Note that the Raspberry Pi may be also be referred to using the abbreviation "RPi" within the documentation.

Supported Hardware

The following devices are currently supported by the Raspberry Pi port. These apply to all RPi boards unless stated otherwise.

UART
Auxiliary mini UART only, RX and TX lines only connected to GPIO14 and GPIO15 on the GPIO header. Used by RedBoot for communication with the user and GDB. The PL011 UART1 is not currently supported and is reserved for future use with Bluetooth on those boards that are so equipped.
SPI
SPI0 device only. The auxiliary SPI1 and SPI2 devices are not supported. SPI0 is mapped to GPIO7 to GPIO11 on the GPIO header.
I²C
I2C1 using the BSC1 controller only. I2C1 uses the GPIO2 and GPIO3 pins on the GPIO header. BSC0 is reserved for use by the GPU, and BSC2 is dedicated to the HDMI interface.
PWM
Support for simple use of the PWM device is available via the PWM API package. The PWM device ("pwm0") has two channels. Channel 0 is connected to GPIO pins 12 and 18, pins 12 and 32 on the GPIO header. Channel 1 is connected to GPIO pins 13 and 19, pins 33 and 35 on the GPIO header.
USB
USB host support is provided by the USB protocol stack and the Synopsys DWC host controller driver. The stack also provides support for the hub component of the LAN951X/LAN7515 device. The stack currently only provides Control and Bulk endpoint support, at High, Fast and Low speeds.
Ethernet
For those boards equipped with a LAN951X/LAN7515, the Ethernet driver provides support for both the BSD and LWIP protocol stacks.
WiFi

For those RPi boards equipped with a suitable 802.11 chipset the hardware specific CYGPKG_NET_WIFI_BROADCOM_WWD driver package, in conjunction with the generic CYGPKG_NET_WLAN package, provides support for the LWIP protocol stack.
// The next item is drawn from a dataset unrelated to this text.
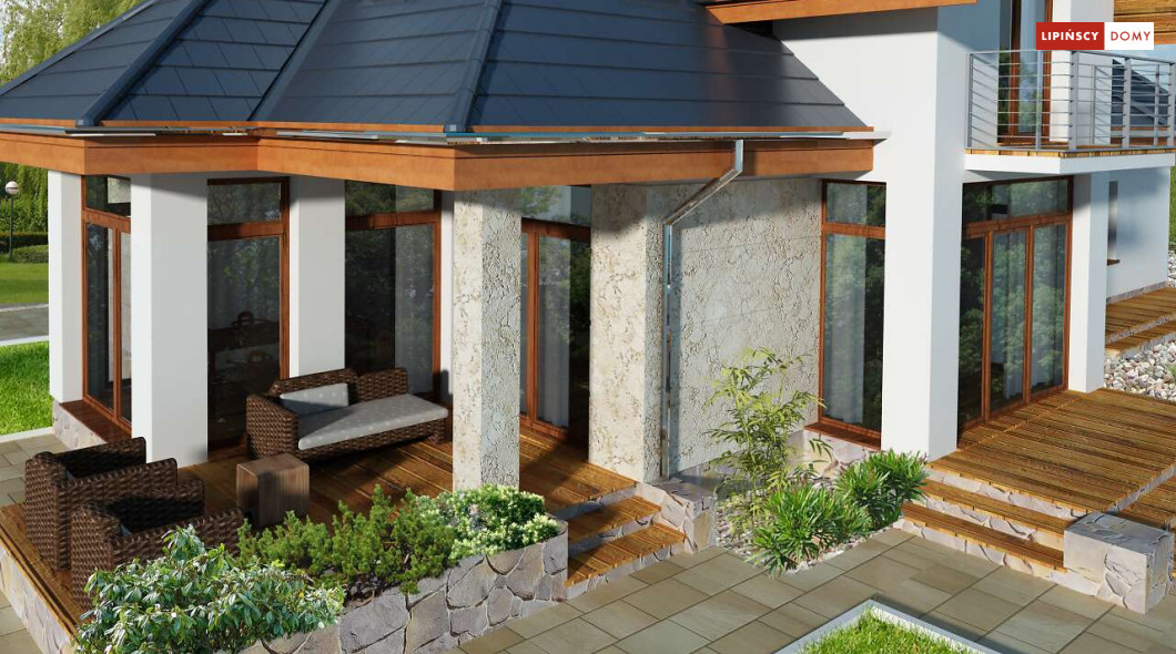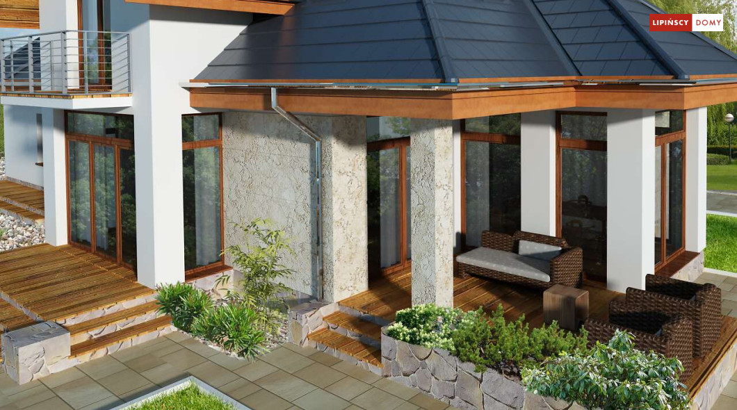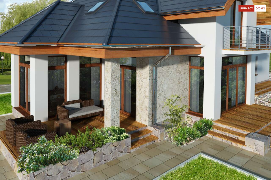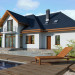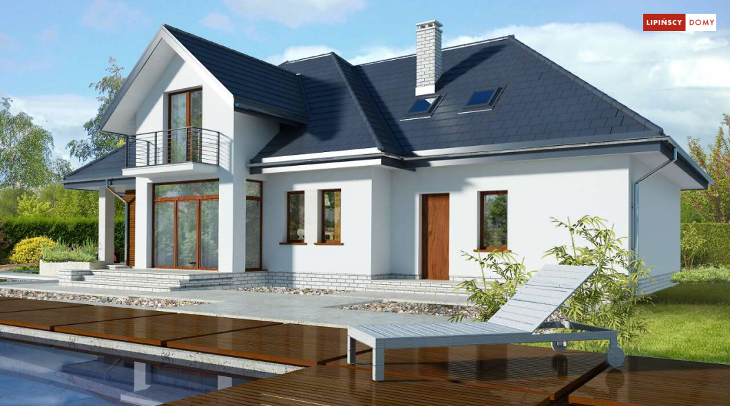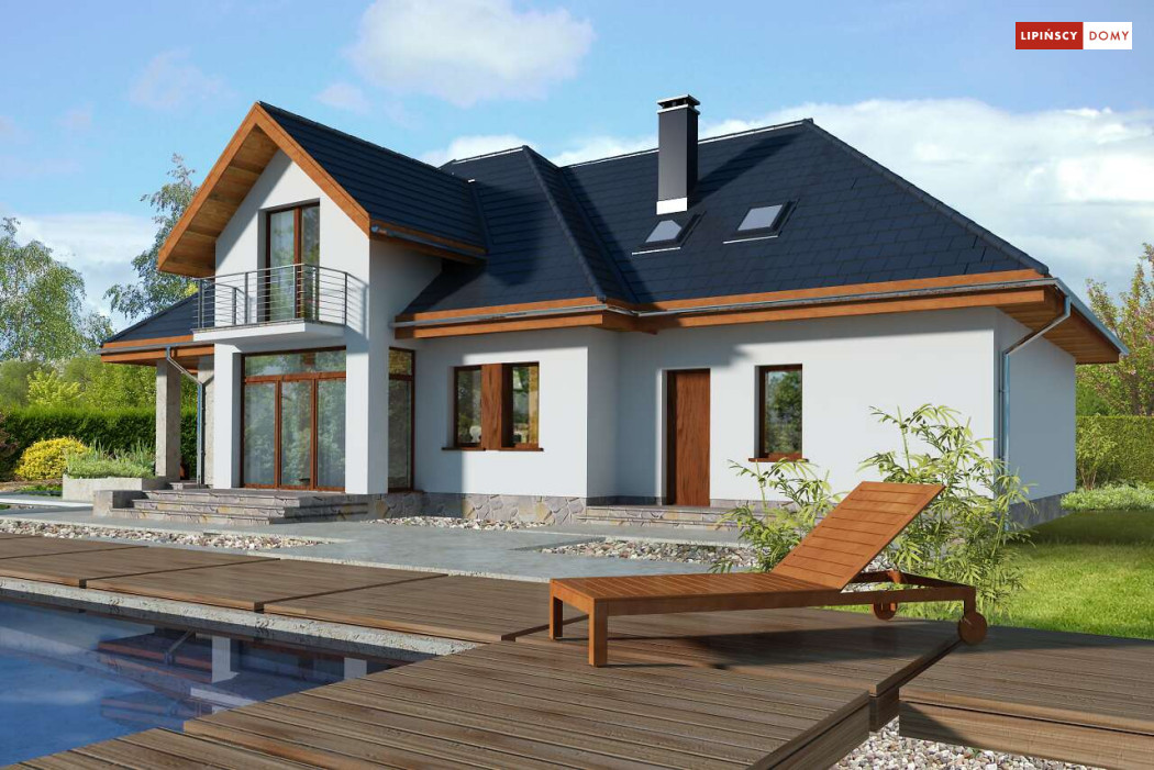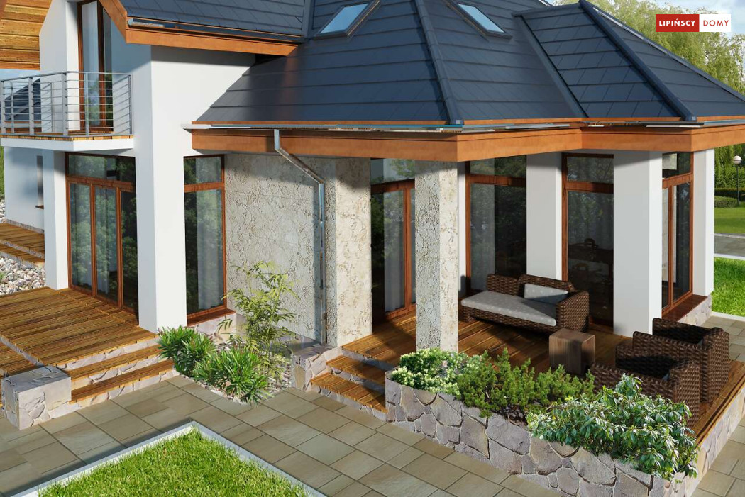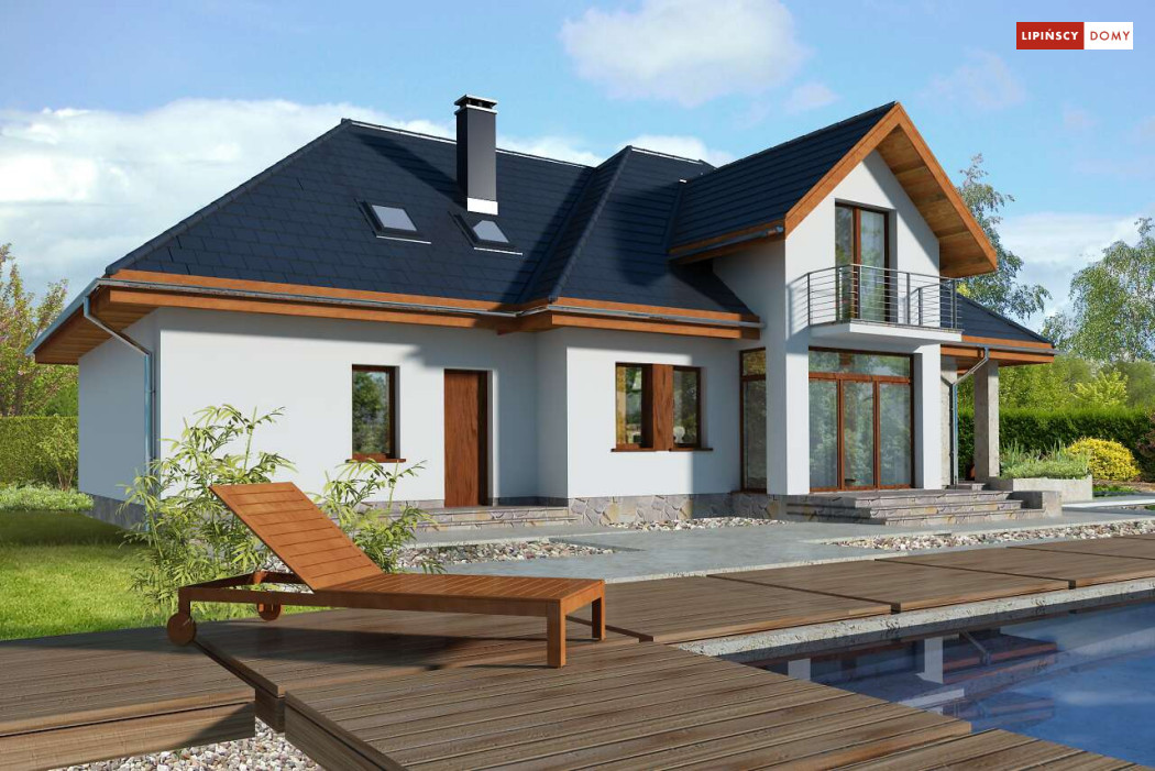 Wygodny dom energooszczędny z użytkowym poddaszem, idealny dla osób ceniących wygodę i przestronne wnętrza. Salon na parterze tworzy jedną przestrzeń z jadalnią, a jego centrum stanowi nadający klimatu kominek. Półotwarta kuchnia - duża i funkcjonalnie rozplanowana, to niewątpliwy atut projektu. Podobnie jak dodatkowy pokój na parterze, doskonale nadający się jako pokój dla gości lub gabinet i wygodna łazienka. Poddasze to strefa prywatna, do której przynależy sypialnia z garderobą, trzy pokoje oraz duża łazienka i pomieszczenie gospodarcze. W bryłę budynku harmonijnie wpisuje się garaż na dwa auta, za którym zlokalizowano dużą kotłownię z możliwością zastosowania pieca na paliwo stałe. Do garażu można przejść bezpośrednio z domu przez pomieszczenie gospodarcze.

The wireless network support has been tested against the RPi3B (Raspberry Pi 3 Model B V1.2), RPi3B+ (Raspberry Pi 3 Model B+ 2017) and RPi0W (Raspberry Pi Zero W V1.1) platforms.

The majority of testing involves the standard CYGPKG_NET_NETTEST package network tests using the lwIP (CYGPKG_NET_LWIP) TCP/IP stack. The eCosPro WLAN (CYGPKG_NET_WLAN) provides the settings for the default wireless network connection settings used, as well as some wireless specific tests.

MMC/SD
A driver for the Broadcom SDHOST MMC/SD controller provides access to either cards in the SD socket or, in the compute modules, the eMMC device. The FAT filesystem package provides access to files on these devices.
GPIO
A set of macros in the BCM283X variant HAL provide support for controlling all GPIO pins, including setting pin modes and selecting alternate functions. GPIO interrupts are decoded to provide a separate vector for each pin.
JTAG
On booting RedBoot, and ROM startup eCos applications, the HAL sets a group of GPIO pins to their JTAG alternate functions. This allows an external JTAG debugger to connect and load an application for development. RedBoot also contains a JTAG command that allows the JTAG pin mappings to be changed at runtime.

In general, devices (Caches, GPIO, UARTs) are initialized only as far as is necessary for eCos to run. Other devices (I²C, SPI, MMC/SD etc.) are not touched unless the appropriate driver is loaded, although in some cases, the HAL boot sequence may set up the appropriate pin alternate configuration.

Tools

The board support is intended to work with GNU tools configured for an arm-eabi target. The original port was undertaken using arm-eabi-gcc version 4.7.3, arm-eabi-gdb version 7.2, and binutils version 2.23.